Learners in this course gain an understanding of the early stages of text mining. Learners examine document management practices, text-scraping techniques, and various methods for modeling their findings as they solve text-based mining problems. Prerequisite(s): ANLT5030. Graduate certificate learners in Advanced Analytics Using SAS® are exempt from this prerequisite.

4 quarter credits
ANLT5080 *
Advanced Analytics and Modeling

Learners in this course demonstrate advanced practice in applying the analytic life cycle. Learners examine approaches to visual analytics and are introduced to geospatial data techniques.
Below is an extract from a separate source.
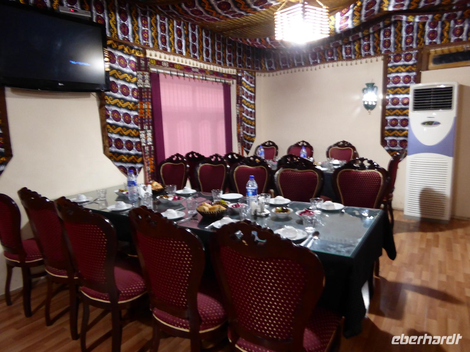 Ein ereignisreicher und auch anstrengender Tag geht zu Ende. Ich bin satt vom guten und vielen Essen und müde, aber ein Rückblick auf den Tag muss noch sein. Am Vormittag besuchen wir den Nakschbandi-Komplex. Das Mausoleum für Nakschband wurde in den 90er Jahren zu seinem 675. Geburtstag mit der Unterstützung türkischer Sufis restauriert. Vom Haupteingang kommen wir inn einen großen Innenhof. Hier befindet sich ein Wasserbecken und ringsherum Kolonaden. Auf einem Marmorpodest steht ein Fahnenmast mit einem stilisierten Granatapfel und einem Rosshaarwimpel. Im nächsten Hof liegt ein alter Maulbeerbaumstamm, der demjenigen Glück bringt, der es schafft, sich ein Stückchen von ihm mitzunehmen. Der Stamm ist glatt und hart wie Stahl, niemand kann hier mehr ein Stückchen abbrechen. Dafür dient der Stamm als beliebtes Fotoobjekt sowohl für Einheimische als auch für Touris. In der Anlage sind viele fleißige Hände unterwegs, die dafür sorgen, dass alles schön sauber bleibt. Wir kommen zu einer Küche, in der heute Essen für Bedürftige zubereitet wird. Die Frauen, die damit beschäftigt sind, lassen sich von uns nicht stören und auch gern fotografieren. Wir fahren zum Sommerpalast des letzten Emirs von Buchara. Am Eingang breiten pfiffige Verkäuferinnen riesige bestickte Decken aus, die wir für 10 € erwerben sollen. Wir aber haben ein kulturelles Anliegen und besuchen die exquisit ausgestatteten Prunkräume, die einen Einblick in das luxuriöse Leben der damaligen Herrscher erlauben. Auf dem Weg zum Ausgang kommen wir an einem Miniatur-Maler vorbei, der uns nicht nur seine schönen Bilder verkauft, sondern diese auch persönlich signiert und sich mit den Käufern fotografieren lässt. Weiter geht es nach Tschor-Bakr. Dies ist eine drei Hektar große Nekropole, also ein Friedhof. Tschor heißt vier und Bakr ist ein Familienname. Die vier Brüder Bakr fanden hier Ende des 10. Jahrhunderts ihre letzte Ruhestätte. Die Moschee können wir nicht besuchen, da hier gerade das Mittagsgebet vorbereitet wird. Wir fahren zur Chor-Minor-Medrese, die mit ihren vier blauen Kuppelchen sehr ansehnlich ist. Sie wurde von einem turkmenischen Baumeister erbaut, nach dem sie nicht benannt werden durfte. Dafür hat er aber jeden einzelnen Turm entsprechend der Persönlichkeit seiner vier Töchter gestaltet. Ein kleiner Souvenirstand lockt die Kaufwilligen und es entzündet sich eine Diskussion darüber, ob die zur Verfügung stehende Zeit zwischen Freizeit und Shopping sowie Kultur gerecht verteilt ist. Wir fahren zum Mittagessen, das wir heute bei einer Familie einnehmen, die sich professionell mit Susanna-Stickerei beschäftigt. Nach einem ausreichenden Mahl aus Salat und Suppe wird uns das alte Handwerk vorgestellt und entsprechende Produkte präsentiert. Wieder einmal werden einige fündig und deren Koffer ein paar Gramm schwerer. Oh Gott, es ist halb zwölf, ich müsste mal langsam ins Bett, aber den Nachmittag zu beschreiben, schaffe ich noch. Also: nach dem Mittagessen besuchen wir die Synagoge von Buchara. Was wir dort erlebt haben, erzähle ich nicht. Könnte als antisemitisch ausgelegt werden. Ihr ward ja dabei und wisst, wie es dort aussah und wie der Typ sich benommen hat. (Alle Klischees zu Juden wurden hier bedauerlicherweise bedient). Widmen wir uns den anderen Erlebnissen des Nachmittags. Acht Damen haben beschlossen, einen Hamam zu besuchen. In unseren Köpfen spukt die Vorstellung von einem gemütlichen Wellness-Nachmittag. Weit gefehlt. Der Hamam ist über fünfhundert Jahre alt und das sieht man auch. Wir werden bereits erwartet. Durch ein steinernes Tor betreten wir das Etablissement. Wir werden freundlich begrüßt. Die Chefin führt uns in einen Raum, wo wir gebeten werden, bis auf die Unterwäsche alles auszuziehen. In Hemd und Schlüpfer durchqueren wir die nächsten Räume, bis wir angehalten werden, nunmehr auch den Rest der Bekleidung abzulegen. Dann betreten wir den Sauna-Raum. Wir legen uns auf Geheiß nebeneinander flach auf den harten Steinfußboden. Wer Glück hat, bekommt als Erstes sein Seidenhandschuhpeeling, die Waschung und die Massage. Andere müssen länger warten. So wie vor fünfhundert Jahren. Hier konnten sich fünfzig bis sechzig Frauen gleichzeitig aufhalten und darauf warten, gewaschen zu werden. Während dieser Zeit wurden Neuigkeiten ausgetauscht und der neuste Klatsch verbreitet. Schwangere Frauen und Frauen nach der Entbindung hatten eigene Räume. Wir nehmen hier also an einem jahrhundertealtem Ritual teil, ganz authentisch.

Learners also apply their analytic skills to current organizational problems and apply analytic solution scoring and project management skills for effective team performance. Prerequisite(s): ANLT5050.

4 quarter credits
ANLT5100 *
Visual Analytics

In this course, learners articulate the value of visualization to telling the analytic story to stakeholders. Learners explore the appropriate presentation of types of data and apply best practices for the design of effective visualizations. Learners also develop skills for presenting data to stakeholders in a succinct and relevant manner. Prerequisite(s): ANLT5030. 

4 quarter credits






20 quarter credits

* Denotes courses that have prerequisite(s). Refer to the descriptions for further details.